Apps Productivity How-To

Remove Punctuation From a String in Python

Use built-in translate, regex, or Unicode-aware options to strip punctuation from text cleanly.

Use built-in translate, regex, or Unicode-aware options to strip punctuation from text cleanly.

Solution preview: removing punctuation is fastest and simplest with the built-in str.translate() and a translation table built from string.punctuation. For full Unicode punctuation, use unicodedata or a Unicode-aware regex.

Method 1: Delete ASCII punctuation with str.translate (fast, built-in)

This approach runs in C under the hood and is typically the most efficient for ASCII punctuation. See the documentation for details.

Import string.
import string
Build a translation table that deletes punctuation.
table = str.maketrans('', '', string.punctuation)
Apply the table with translate.
s = "Hello, world! Python 3.12—fun?"
clean = s.translate(table)
print(clean)  # Hello world Python 312—fun
Optionally replace punctuation with spaces instead of deleting.
space_table = str.maketrans({ch: ' ' for ch in string.punctuation})
spaced = s.translate(space_table)
normalized = ' '.join(spaced.split())
print(normalized)  # Hello world Python 3.12—fun

Notes:

  • string.punctuation covers ASCII punctuation only. It does not include punctuation like “ ” — 。 !. See the reference.
  • To handle non-ASCII punctuation, use Method 3 or Method 4.

Option 2: Remove ASCII punctuation with re.sub

Regular expressions are concise and flexible. Escape the punctuation class once, then substitute. See re.sub in the documentation.

Import re and string.
import re, string
Compile a pattern that matches any ASCII punctuation.
pattern = re.compile(r'[%s]' % re.escape(string.punctuation))
Substitute matches with empty strings (or a space).
s = "A test: regex-only, please!"
clean = pattern.sub('', s)
print(clean)  # A test regexonly please

Tip: \w includes letters, digits, and underscore, and \s matches whitespace; both are described in the documentation. If you prefer a whitelist, you can keep word and space characters: re.sub(r'[^\w\s]', '', s).


Approach 3: Remove all Unicode punctuation with unicodedata (built-in)

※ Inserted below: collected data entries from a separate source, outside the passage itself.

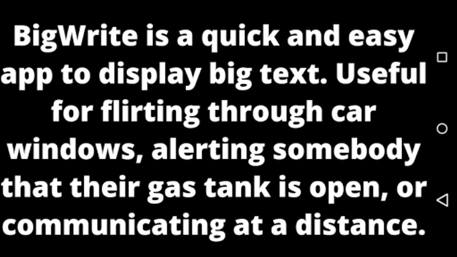 BigWrite is a quick and easy app to display text, big. Useful for flirting through car windows, alerting somebody that their gas tank is open, or simply flashing any bit of text. Just type in some words and hold up your device.
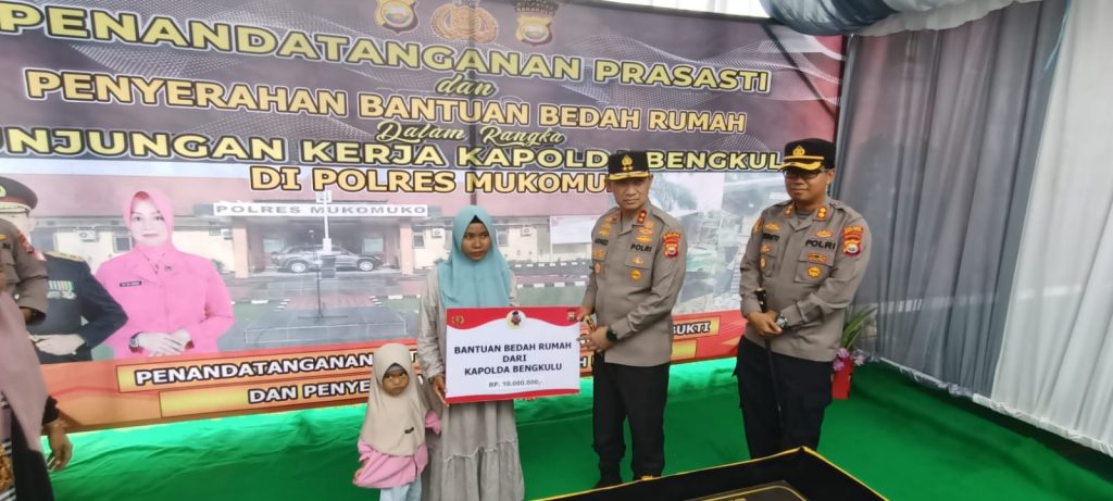 Kapolda Bengkulu melalui Kapolres Mukomuko AKBP.Nuswanto. SH ,S.Ik. MH mengungkapkan bantuan kegiatan Bedah Rumah adalah salah satu wujud nyata partisipasi Polri kepada masyarakat yang benar -benar membutuhkan demi mewujudkan hunian yang layak bagi warga yang sangat membutuhkan”ucap Kapolres
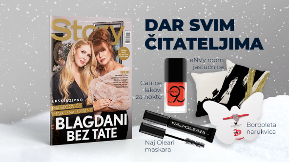 STORY + božićni DAR po izboru - jastučnica by eNVy room, narukvica Borboleta, maskara Click on Me Extra Volume Mascara by Naj Oleari i lak za nokte by Catrice - potražite na kioscima od 21. prosinca!
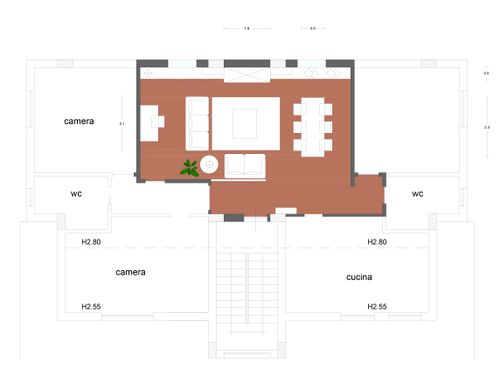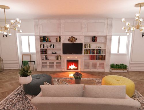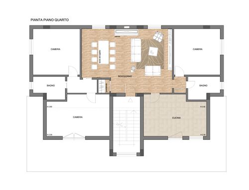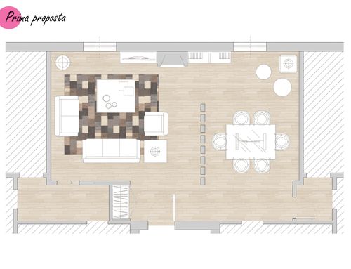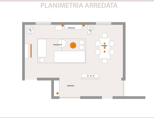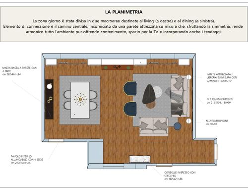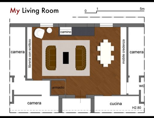 dovrei arredare soggiorno di circa 40 mq con caminetto su parete tra 2 finestre
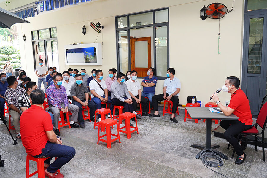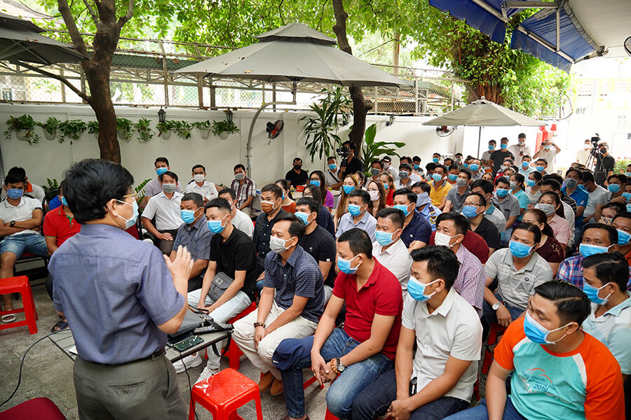 Bên cạnh những thông tin về dịch bệnh của bác sĩ Nguyễn Đức Công, ông Nguyễn Đình Trung - Chủ tịch Tập đoàn Hưng Thịnh, cũng trực tiếp tham gia chia sẻ cùng lãnh đạo các phòng ban để có những biện pháp phòng dịch triệt để.
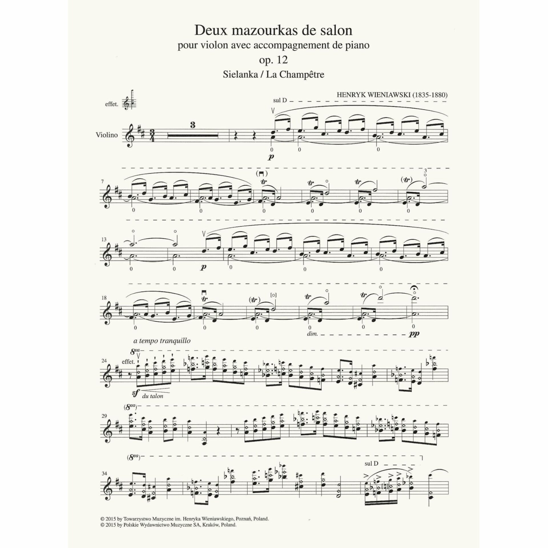 2 Mazurkas de Salon: Sielanka (La Champetre) and Piesn polska (Chanson polonaise) for violin and piano, op. 12. Henryk Wieniawski. Edited by Zofia Chechlinska and Jaroslaw Zolnierczyk. Published by PWM Edition.
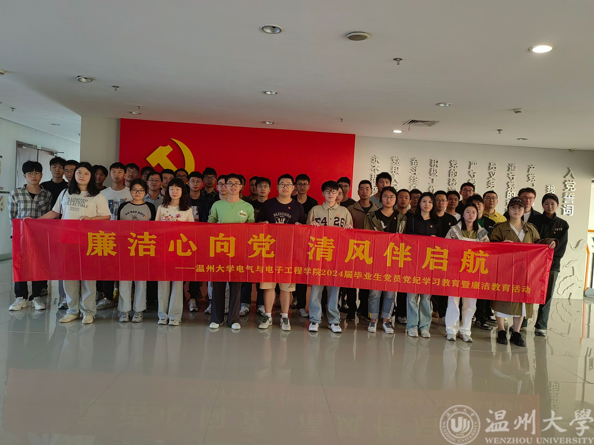 在毕业生们即将踏上人生新的征程之际,5月10日下午,3044永利集团公司党委组织毕业生党员赴温州市瓯海区廉政教育基地开展毕业生党员党纪学习教育暨廉洁教育主题党日活动,旨在引导青年员工坚定理想信念,增强廉洁意识,扎实走好迈向社会的第一步。
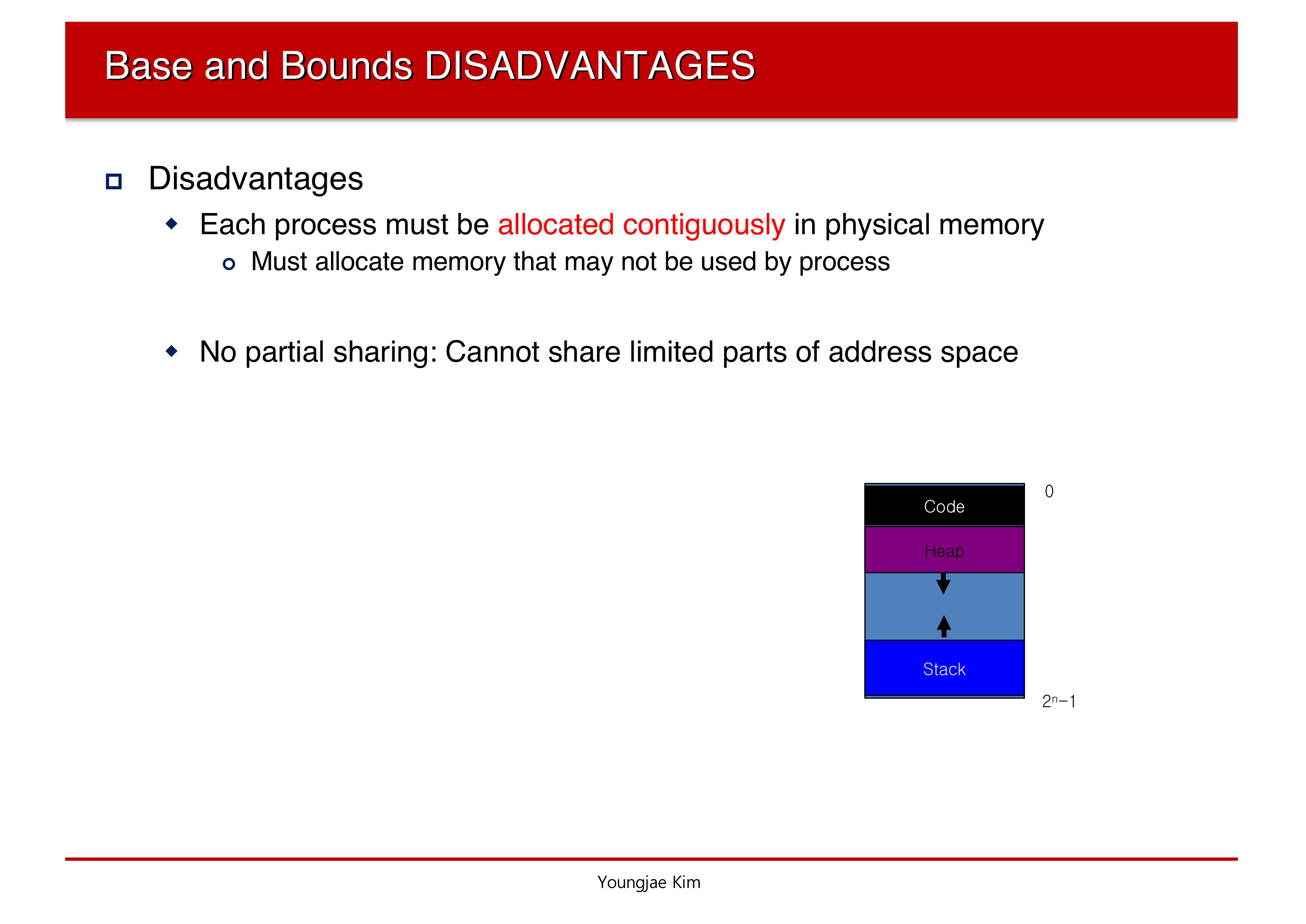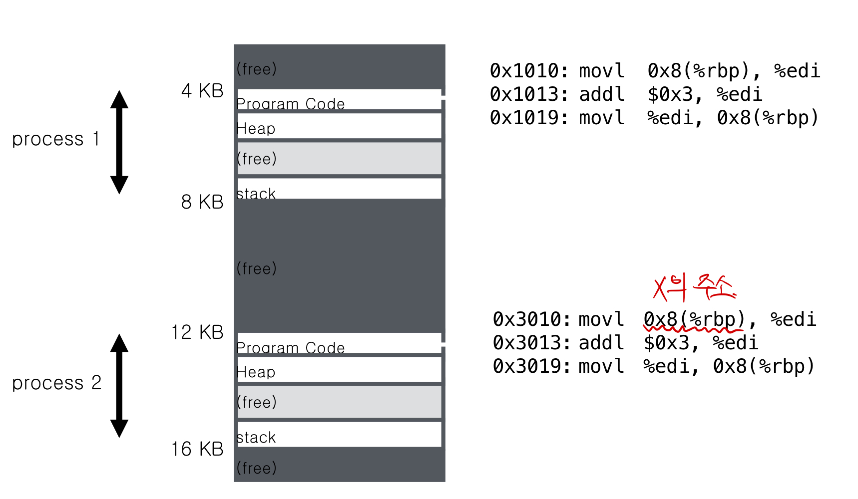 Dynamic Relocation의 문제점은 마지막 명령어 처럼 P1이 P2의 physical address를 침입할 수 있다는 것이다.
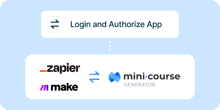 Te conectarás con tu cuenta del Mini Generador de Cursos para crear una conexión y para la autorización con Zapier o Make.
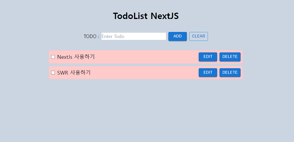 역시 새로운 기술을 사용해서 프로젝트를 만들때는 TodoList만한게 없는거 같다. 그래서 공부중인 Next.Js를 사용하면서 처음 사용해보는 SWR도 같이 써보려고 한다.
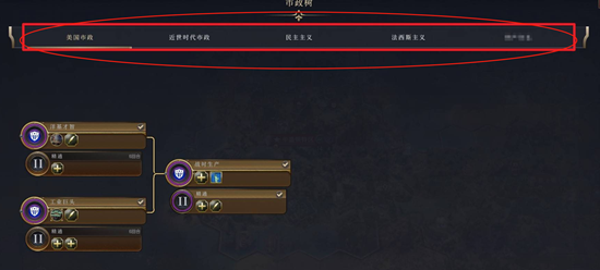 市政方面,7代为每个文明都加入了单独的市政树,随着市政的解锁来开启一些单个文明专属的效果与建筑。
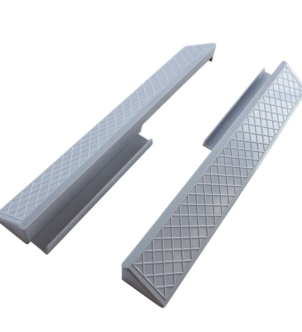 Praktiske BabyDan fodplader til sikkerhedsgitter i grå.
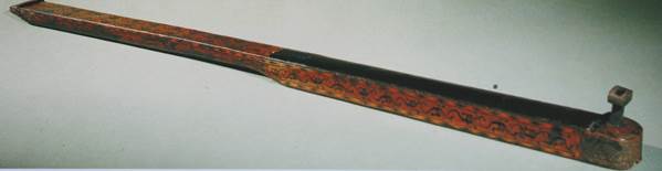曾侯乙墓中一共出土了120多件樂器,其中一件比較特殊:它出自東室,形若長棒,由整木雕成,首段近方,尾段近圓。通長115厘米,面寬5.5–7厘米,表面平直狹長。方形首端中空似音箱,圓形尾端實木實心類似木柄。器身通體黑漆為地,以朱、黃兩色相間描繪出各種紋飾。首端立一蘑菇狀柱,以供拴弦之用。弦已朽爛無存,但從柄端并列的5個弦孔判斷,此器應有五根絲弦(圖1)。
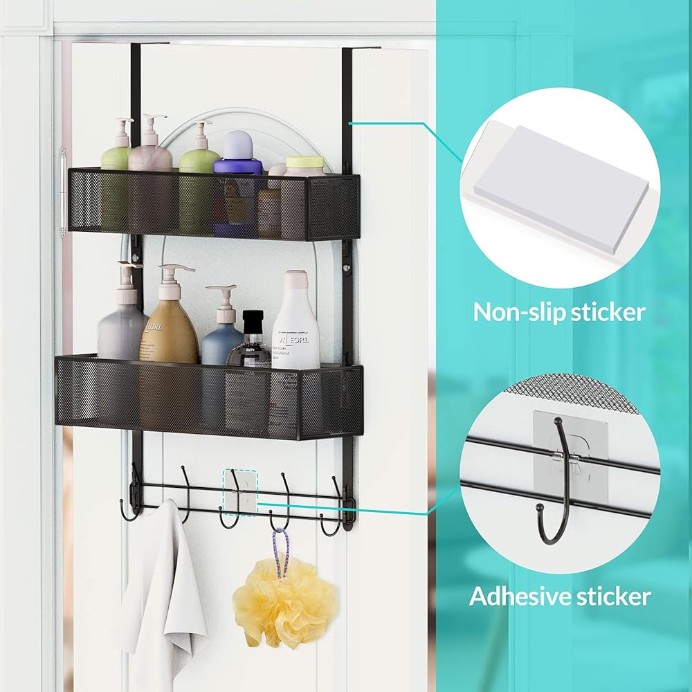 LUCYCAZ Adjustable Over The Door Hooks Organizer, Door Hanger Towel Rack with 10 Coat Hooks & 2 Mesh Basket, Over Door Storage Rack Back of Door Organizer for Barthroom Kitchen (Black)

This approach removes any character whose Unicode category begins with 'P' (punctuation), not just ASCII. See the reference.

Import unicodedata and sys.
import unicodedata, sys
Build a deletion map for all code points in the Unicode range whose category starts with 'P'.
delete_punct = dict.fromkeys(
    i for i in range(sys.maxunicode + 1)
    if unicodedata.category(chr(i)).startswith('P')
)
Translate the string using the map.
s = "Unicode: 「quotes」 — dashes… 你好,世界!"
clean = s.translate(delete_punct)
print(clean)  # Unicode  quotes  dashes  你好世界

Tip: If you also want to drop symbols like currency signs, extend the filter to include category 'S'.


Way 4: Use the third‑party “regex” module for Unicode properties

Python’s built-in re does not support \p{...} Unicode properties. The regex package supports them and can target punctuation precisely using \p{P}. Install it from the package page.

Install the package.
pip install regex
Import and compile a Unicode property pattern.
import regex
pattern = regex.compile(r'\p{P}+')
Substitute punctuation with an empty string or a space.
s = "Mix: ASCII, Unicode… and 「symbols」!"
clean = pattern.sub('', s)
print(clean)  # Mix ASCII Unicode and symbols

Tip: To remove punctuation and symbols together, use r'[\p{P}\p{S}]+'.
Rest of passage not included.